Na avaliação do conselheiro do Laboratório de Políticas Públicas e Internet da Universidade de Brasília (Lapin) Thiago Moraes, é importante que o governo se certifique que os dados disponibilizados na “nuvem” da Microsoft não sejam usados para outras finalidades. Mesmo não estando em vigor a Lei Geral de Proteção de Dados, ele defende que seus princípios e diretrizes sejam respeitados.

“O Art. 6º atenta para que o tratamento seja limitado ao mínimo necessário, e se evite o uso excessivo dos dados. Isto significa, entre outras coisas, que uma vez superada a crise, os dados coletados devem ser eliminados. É importante também que tão logo uma política pública seja definida, sua finalidade seja transparecida à população [o princípio da transparência previsto no art. 6º]”, destaca o pesquisador.

A Lei Geral de Proteção de Dados instituiu as normas para coleta e tratamento de dados. Aprovada em 2018, ela entraria em vigor em agosto, mas o Senado adiou o início da vigência para o início do ano que vem. Contudo, o Marco Civil da Internet (Lei 12.965 de 2014) também prevê a garantia da privacidade dos dados dos internautas.

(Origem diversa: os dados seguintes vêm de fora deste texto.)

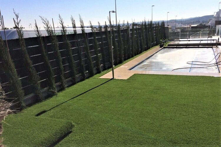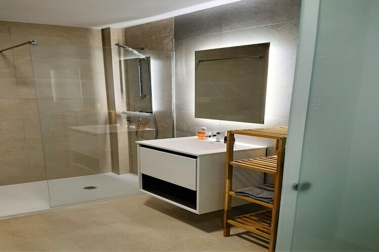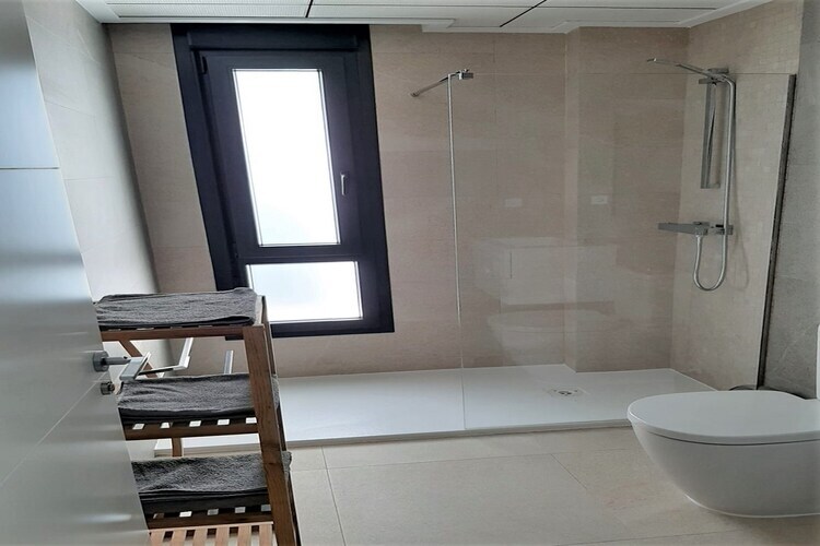 Rez-de-chaussée: (Entrée, cuisine ouverte(foyer(4 foyers, électrique), cafetière/percolateur, four, micro ondes, lave-vaisselle ), salle à manger-salon(45 m2)(TV(écran plat), coin salon), chambre(9 m2)(lit simple(90 x 200 cm), lit simple(90 x 200 cm)), chambre(9 m2)(lit double), chambre avec salle de bains(16 m2)(lit double(135 x 200 cm), douche, lavabo, WC), salle de bains(douche, lavabo, WC)) table, solarium, lave-linge , portes-fenêtres, chauffage, climatisation, terrasse(privé, 90 m2), terrasse(privé, 65 m2), jardin(privé, 30 m2), mobilier de jardin, barbecue, parking, piscine(privé, extérieur, 8 x 4 m., ouvert de Juin jusqu'à (inclus) Sept), hamac, table à repasser, fer à repasser

Para a coordenadora do Coletivo Intervozes, Marina Pita, a falta de uma legislação cria um vácuo preocupante e seria importante ter mais informações sobre como os dados da grande maioria da população serão tratados.

“Princípios como proporcionalidade, necessidade e finalidade, incluindo o descarte após atingida a finalidade, por exemplo, estão sendo observados? Deveria haver mais detalhes inclusive em relação aos procedimentos de anonimização e agregação utilizados porque há vários exemplos de reidentificação de dados anonimizados. Um sistema como esse não pode perdurar e deveria haver formas de auditar e fiscalizar o seu uso”, defende.

A Agência Brasil entrou em contato com os ministérios da Saúde (MS) e da Ciência, Tecnologia, Inovações e Comunicações (MCTIC) e aguarda retorno.